Environmental update

Environmental update

April 06, 2017 | By Andrew Skroback in New York

US environmental rules that encourage renewable energy are in flux as the Trump administration tries to reverse a decade of US leadership on climate change.

In 2007, the US Supreme Court decided a case brought by Massachusetts and 11 other states to force the Environmental Protection Agency to establish guidelines on emissions of carbon dioxide, methane, nitrous oxide and hydrofluorocarbons. The states pointed to language in the Clean Air Act obligating EPA to set emissions standards for “any air pollutant” “which may reasonably be anticipated to endanger public health or welfare.” In the context of motor vehicle emissions, the states asked why the agency had refused to consider whether greenhouse gases fell into that category.

Through Massachusetts v.
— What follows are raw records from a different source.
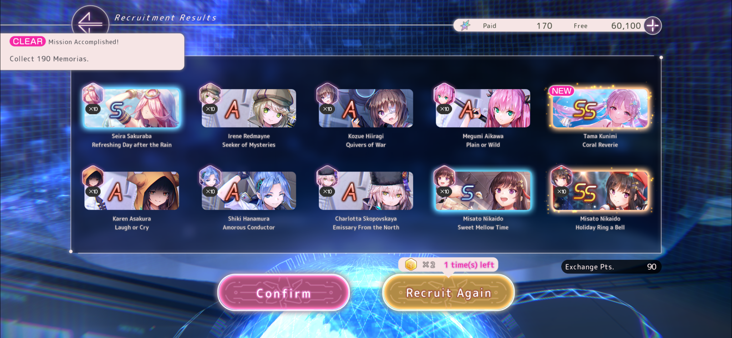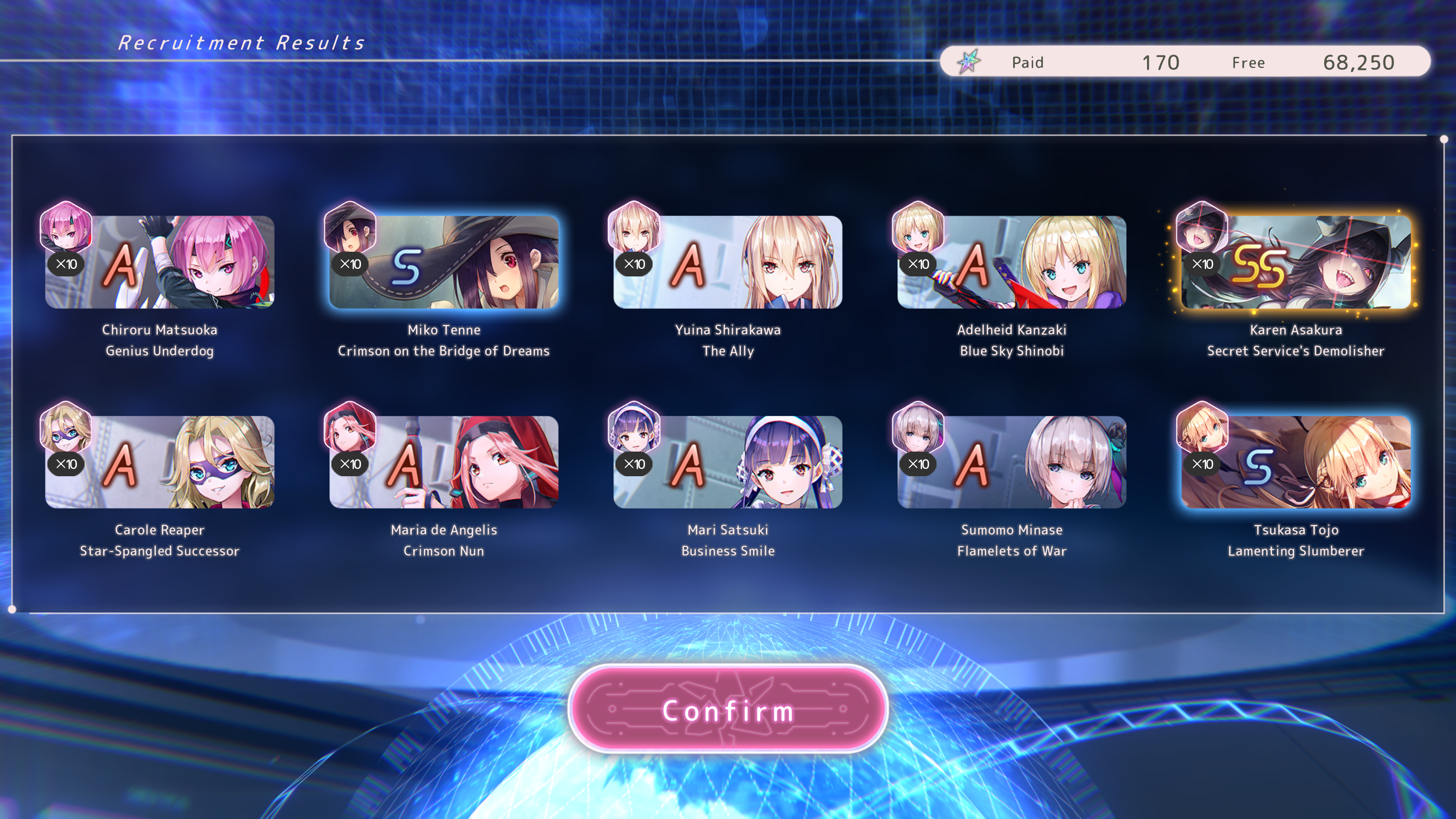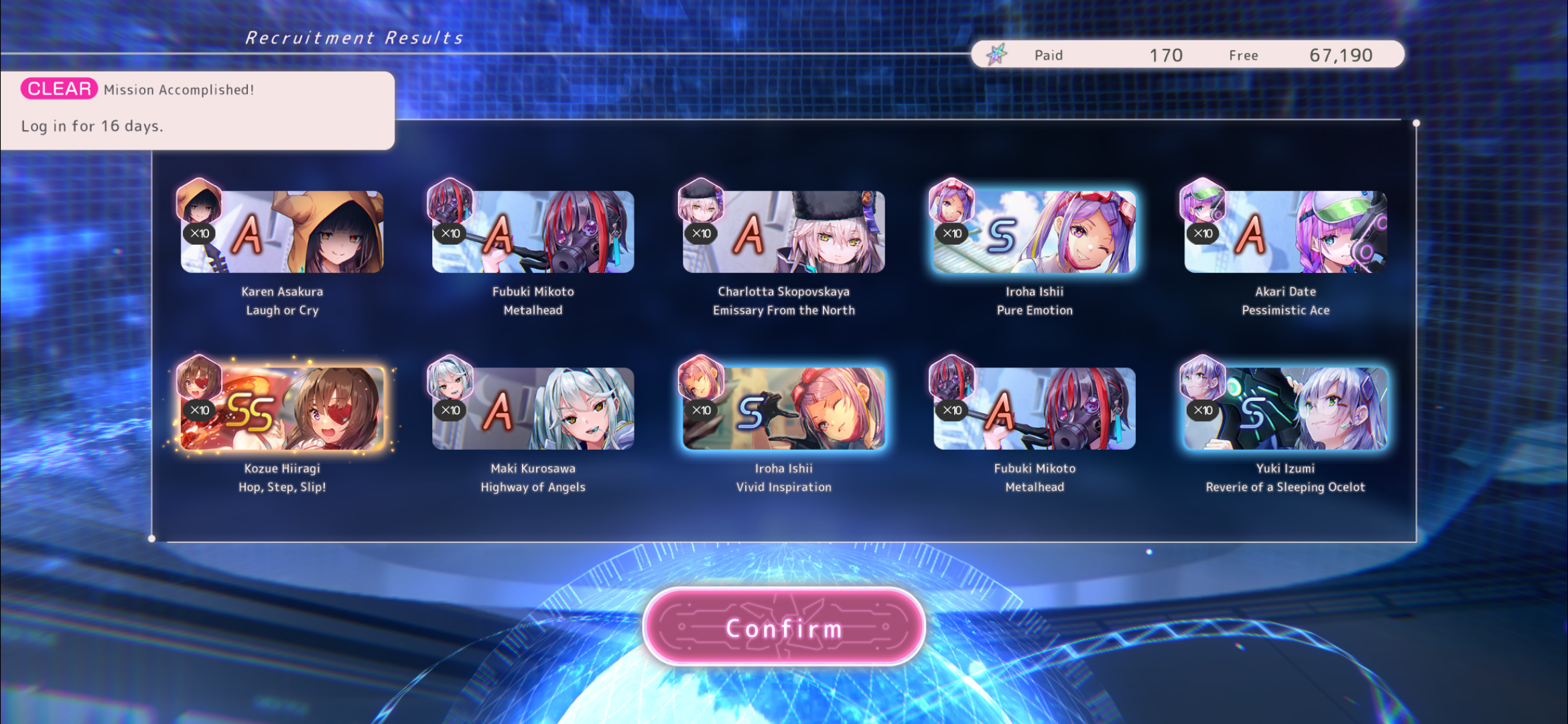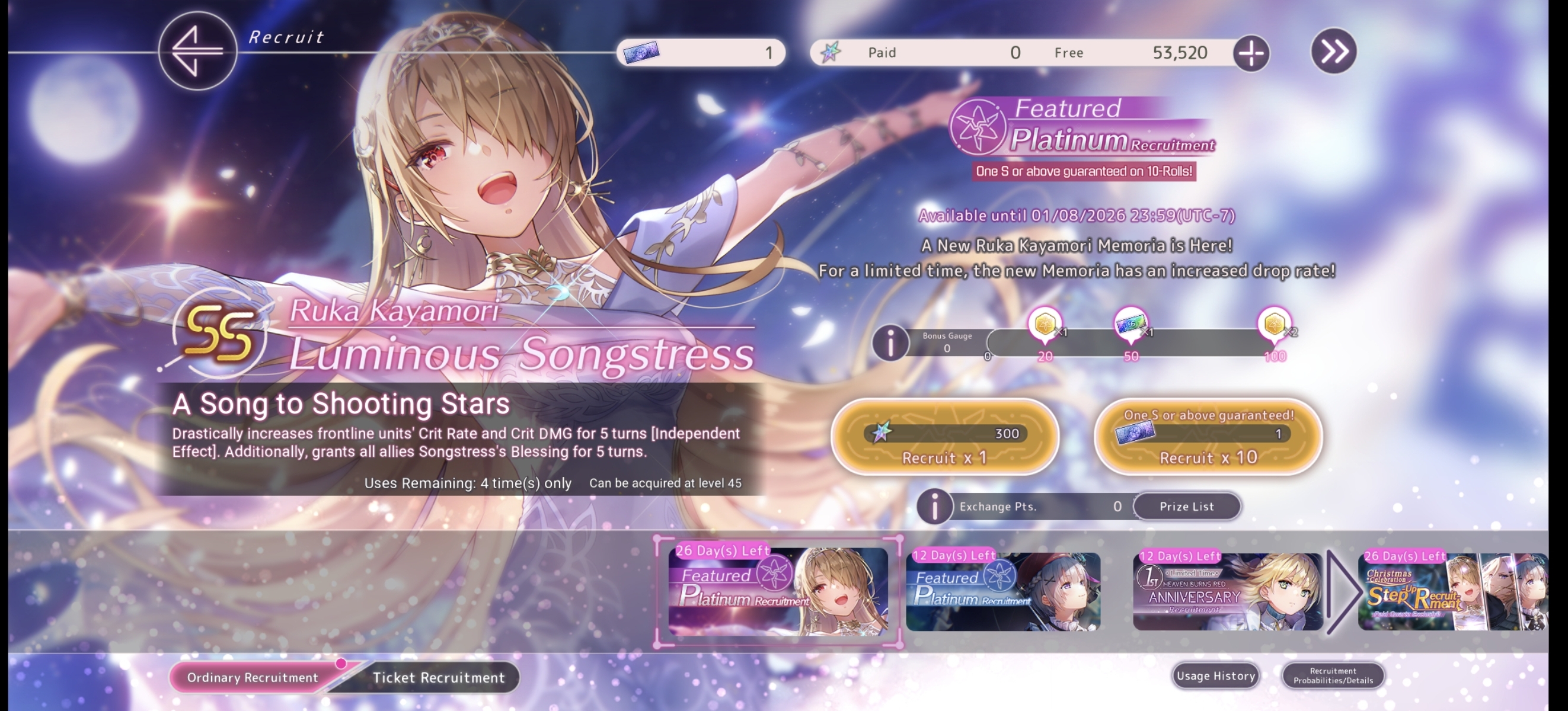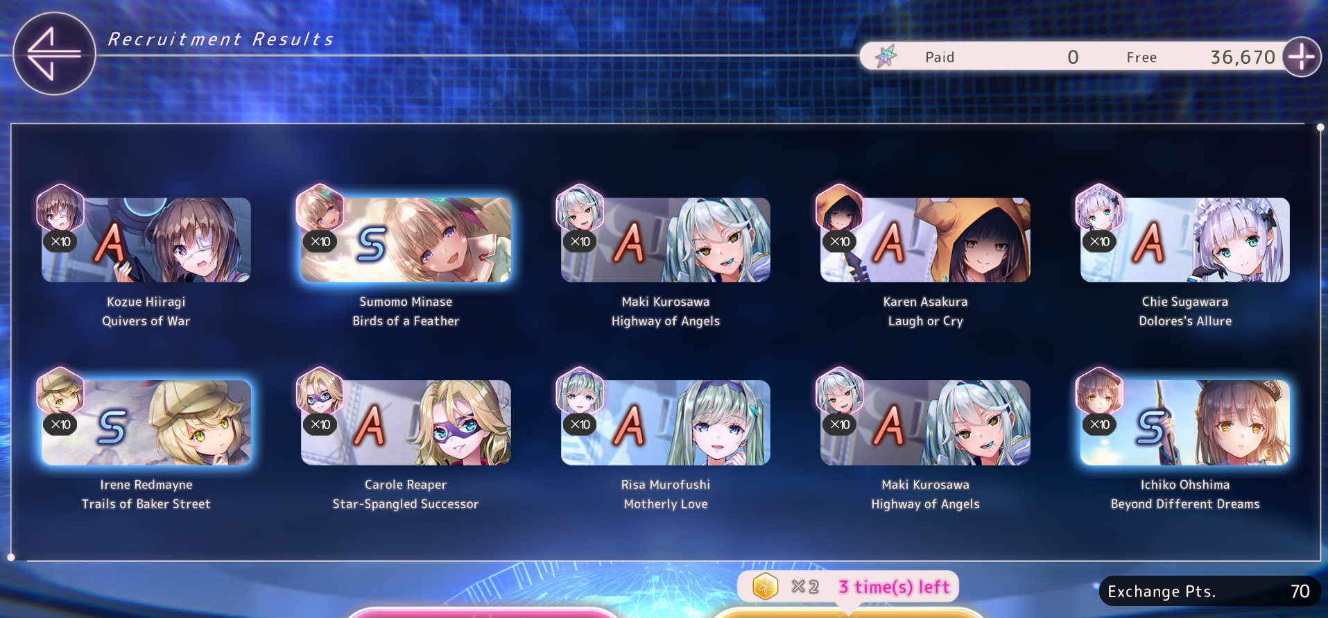 Только брал Шаро1 за зеленые билетики и вот она уже лб2 с фри тенроллов. Вообще ожидал, что раз в тенролле повезло, то на Нанасексе приклад будет, но в целом сойдет. Хоть и за 90 круток больше ни одной ss. Вот теперь думаю может до спарка доролить, Нанасекса много не бывает...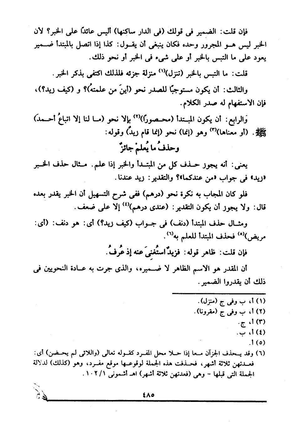 ومثال حذف المبتدأ "دنف" في جواب "كيف زيد؟ " أي: هو دنف, "أي: مريض"5 فحذف المبتدأ للعلم به6.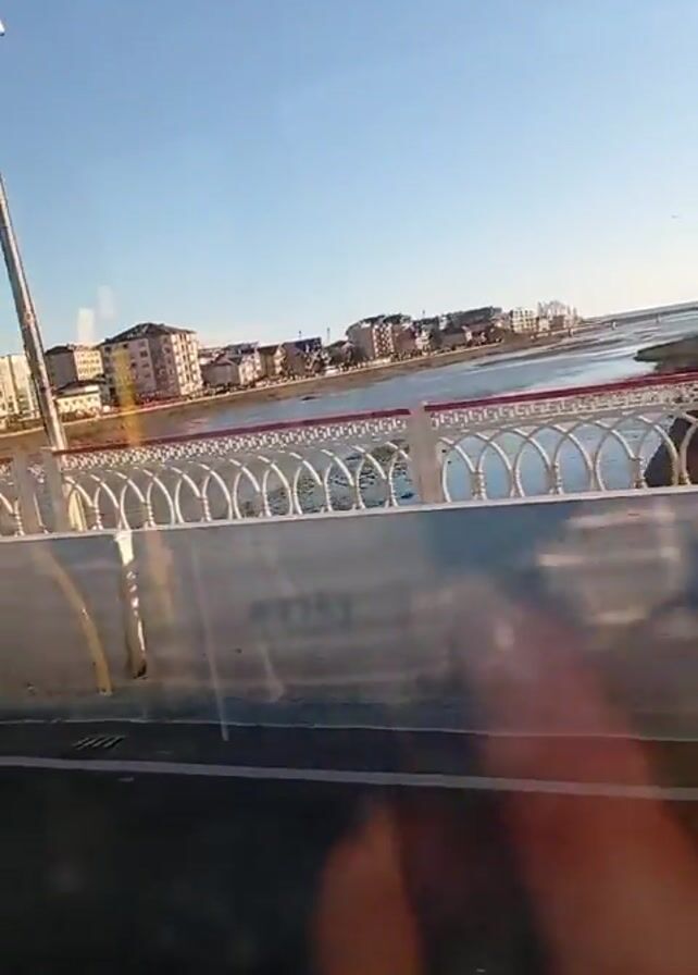 moving perspective from inside a vehicle, likely a bus or car. The view is through a side window, looking out at a bridge with a decorative white railing and concrete barriers. Beyond the bridge is a body of water, and on the opposite shore are residential buildings under a clear blue sky. Cars pass by on the bridge. A road sign indicating a weight limit of 8 tons is visible.

EPA, the court overturned EPA’s 2003 determinations that the agency lacked authority under the Clean Air Act to regulate greenhouse gases and that, if it had the authority, it would decline to exercise it. As a result, EPA began the formal process of examining the science documenting the risks posed by greenhouse gases, ultimately recognizing that those emissions had contributed to a public-safety crisis. Grounded in this science and the established statutory obligation, EPA’s 2009 “endangerment finding,” as it is known, survived multiple court challenges to form the basis for new standards on auto emissions and, later in 2015, for Obama’s Clean Power Plan.

Two months into the Trump administration, the Clean Power Plan is now endangered and the scientific finding is under political assault. 

Executive Order

President Trump traveled to EPA headquarters on March 28 to sign an executive order to set in motion the reversal of most of the Obama regulatory initiatives addressing climate change.

The order directs EPA to suspend, revise or rescind the Clean Power Plan limiting carbon emissions for existing power plants. It revokes several Obama executive orders and memoranda, including one that tried to remove regulations that deter private industry from responding to climate change by innovative means and another that requires the military to assess the threats posed by climate-induced turmoil abroad, including potential flows of refugees fleeing famine or war.

The order requires EPA and other agencies to identify rules that may hinder energy production. Within 180 days after the order, the head of each federal agency must submit a final report with “specific recommendations that, to the extent permitted by law, could alleviate or eliminate aspects of agency actions that burden domestic energy production.” Each agency “shall, as soon as practicable, suspend, revise, or rescind, or publish for notice and comment proposed rules suspending, revising, or rescinding, those actions, as appropriate and consistent with law.”

The order also directs federal agencies to stop considering how their actions will affect climate change when reviewing federal actions under the National Environmental Policy Act.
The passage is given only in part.